Revise the COW process in pma base 4K page, make
sentry COW consume the same memory as kernel.

Sentry implement COW in pma, but its not on 4K page, current COW process in pma will copy the range base HugePage, this will cause lots memory waste.

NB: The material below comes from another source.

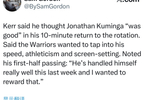科爾表示,他認(rèn)為庫明加在回歸輪換陣容的10分鐘里表現(xiàn)“不錯”。他說勇士隊希望利用他的速度、運動能力和擋拆能力??茽栠€特別提到了他上半場的傳球:“他過去一周的表現(xiàn)非常出色,我想給他一些獎勵?!?/p>

Revise the COW process in pma base 4K page, make sentry COW consume the same memory as kernel.

zhuangel · 2019-07-29T10:01:10Z

memory waste could be reproduce with the following case.

#include <sys/types.h>
#include <sys/stat.h>
#include <fcntl.h>
#include <stdio.h>
#include <string.h>
#include <errno.h>
#include <unistd.h>
#include <sys/mman.h>
#include <time.h>

#define TEST_SIZE (1024*4096)

int main()
{
void *ptr;
pid_t pid;
int idx,cnt;
unsigned char test=0;

ptr = mmap(NULL, TEST_SIZE, PROT_READ|PROT_WRITE, MAP_PRIVATE|MAP_ANON, -1, 0);
if (ptr==MAP_FAILED) {
printf("[parent]mmap failed, (%s)\n", strerror(errno));
return 0;
}
printf("[parent]mmap address %p size 0x%x\n", ptr,TEST_SIZE);
memset(ptr,0,TEST_SIZE);
sleep(10);
printf("[parent] start to create child process");

for (idx=0;idx<50;idx++) {
pid = fork();
if (pid==0) {
printf("[child] pid %d forked\n",getpid());
sleep(2);
printf("[child] pid %d write mmap range\n",getpid());
memset(ptr+(4096*500),0,4);
printf("[child] pid %d write mmap range done\n",getpid());
sleep(30);
printf("[child] pid %d exit\n",getpid());
_exit(0);
}
}

printf("[parent] pid %d sleep start\n",getpid());
sleep(60);
munmap(ptr, TEST_SIZE);
printf("[parent] pid %d exit\n",getpid());
return 0;
}

Inside runsc container, all process will use about 123M memory, inside runc container, only used 7M memory.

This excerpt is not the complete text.